PROVIDED MATERIAL ::

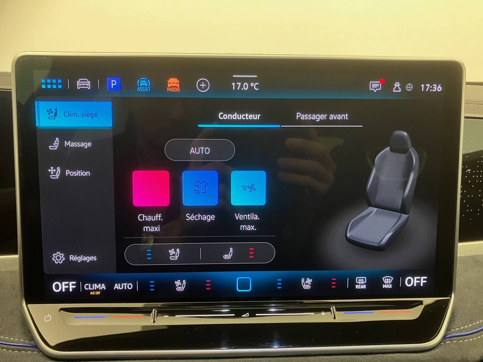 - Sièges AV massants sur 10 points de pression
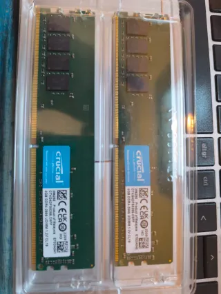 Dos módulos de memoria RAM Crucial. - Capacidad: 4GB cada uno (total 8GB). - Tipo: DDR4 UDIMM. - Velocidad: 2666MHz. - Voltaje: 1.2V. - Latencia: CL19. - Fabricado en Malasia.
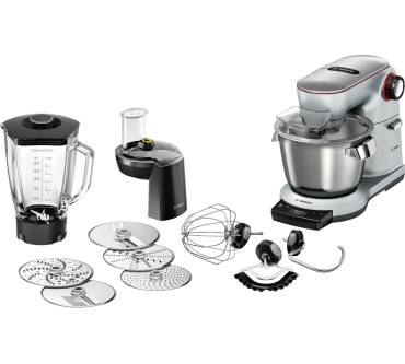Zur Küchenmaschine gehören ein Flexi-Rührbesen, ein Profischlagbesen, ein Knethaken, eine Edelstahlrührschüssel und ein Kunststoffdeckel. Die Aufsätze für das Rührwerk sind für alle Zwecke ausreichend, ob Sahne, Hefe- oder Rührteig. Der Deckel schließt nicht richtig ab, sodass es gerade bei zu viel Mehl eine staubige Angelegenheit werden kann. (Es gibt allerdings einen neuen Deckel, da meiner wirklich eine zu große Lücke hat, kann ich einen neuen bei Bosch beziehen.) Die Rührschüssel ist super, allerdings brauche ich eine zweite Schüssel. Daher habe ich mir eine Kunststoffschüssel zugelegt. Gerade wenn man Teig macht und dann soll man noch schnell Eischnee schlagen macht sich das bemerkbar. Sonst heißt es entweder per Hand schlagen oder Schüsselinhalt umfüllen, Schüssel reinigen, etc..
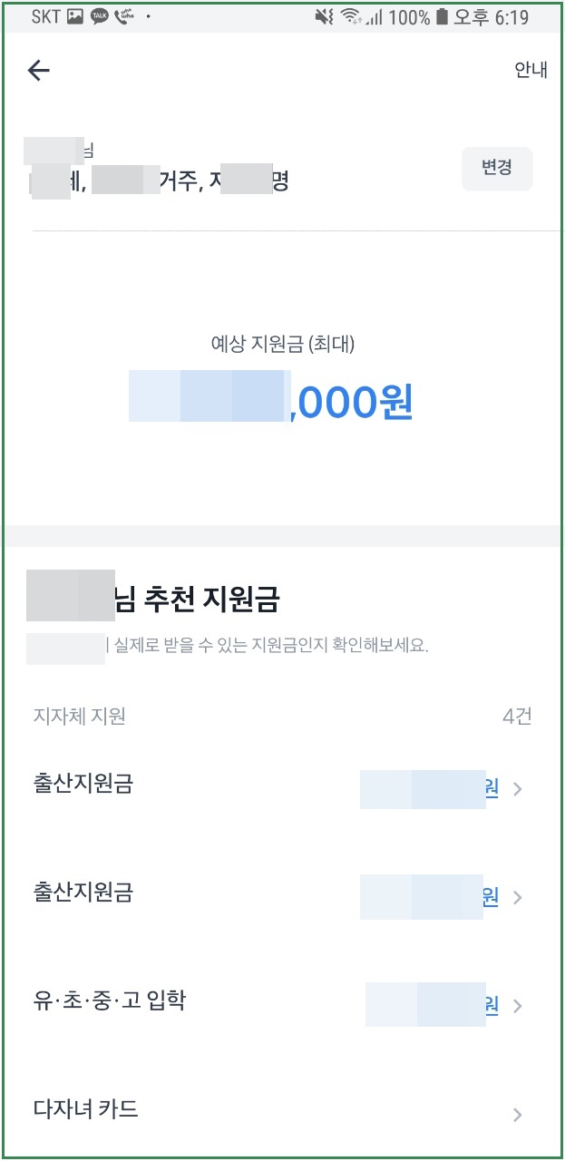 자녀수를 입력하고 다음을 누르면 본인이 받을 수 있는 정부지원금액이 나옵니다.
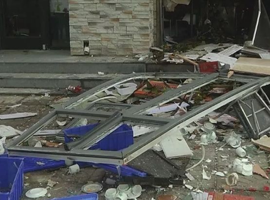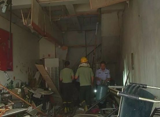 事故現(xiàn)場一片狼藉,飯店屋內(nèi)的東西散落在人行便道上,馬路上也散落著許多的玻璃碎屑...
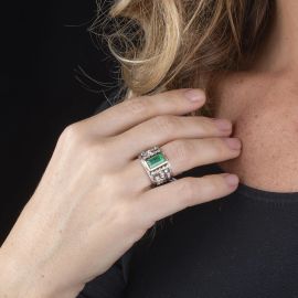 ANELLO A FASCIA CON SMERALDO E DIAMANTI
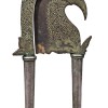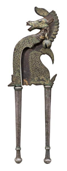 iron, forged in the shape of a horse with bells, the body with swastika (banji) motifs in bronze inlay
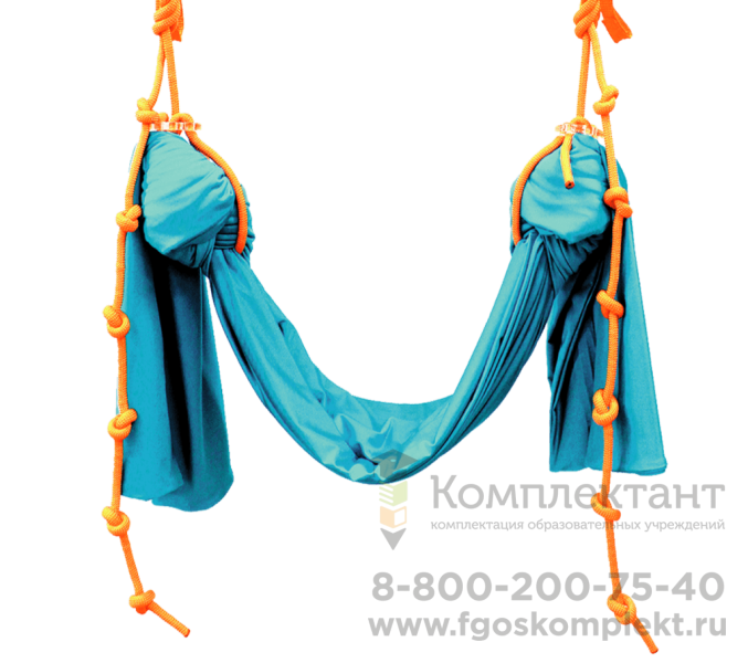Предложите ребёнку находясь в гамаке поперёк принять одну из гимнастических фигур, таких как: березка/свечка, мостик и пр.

ACTIVITY ::
The copy should hold every entry above word for word and none of the pictures.

REPLY ::
 - Sièges AV massants sur 10 points de pression
 Dos módulos de memoria RAM Crucial. - Capacidad: 4GB cada uno (total 8GB). - Tipo: DDR4 UDIMM. - Velocidad: 2666MHz. - Voltaje: 1.2V. - Latencia: CL19. - Fabricado en Malasia.
Zur Küchenmaschine gehören ein Flexi-Rührbesen, ein Profischlagbesen, ein Knethaken, eine Edelstahlrührschüssel und ein Kunststoffdeckel. Die Aufsätze für das Rührwerk sind für alle Zwecke ausreichend, ob Sahne, Hefe- oder Rührteig. Der Deckel schließt nicht richtig ab, sodass es gerade bei zu viel Mehl eine staubige Angelegenheit werden kann. (Es gibt allerdings einen neuen Deckel, da meiner wirklich eine zu große Lücke hat, kann ich einen neuen bei Bosch beziehen.) Die Rührschüssel ist super, allerdings brauche ich eine zweite Schüssel. Daher habe ich mir eine Kunststoffschüssel zugelegt. Gerade wenn man Teig macht und dann soll man noch schnell Eischnee schlagen macht sich das bemerkbar. Sonst heißt es entweder per Hand schlagen oder Schüsselinhalt umfüllen, Schüssel reinigen, etc..
 자녀수를 입력하고 다음을 누르면 본인이 받을 수 있는 정부지원금액이 나옵니다.
 事故現(xiàn)場一片狼藉,飯店屋內(nèi)的東西散落在人行便道上,馬路上也散落著許多的玻璃碎屑...
 ANELLO A FASCIA CON SMERALDO E DIAMANTI
 iron, forged in the shape of a horse with bells, the body with swastika (banji) motifs in bronze inlay
Предложите ребёнку находясь в гамаке поперёк принять одну из гимнастических фигур, таких как: березка/свечка, мостик и пр.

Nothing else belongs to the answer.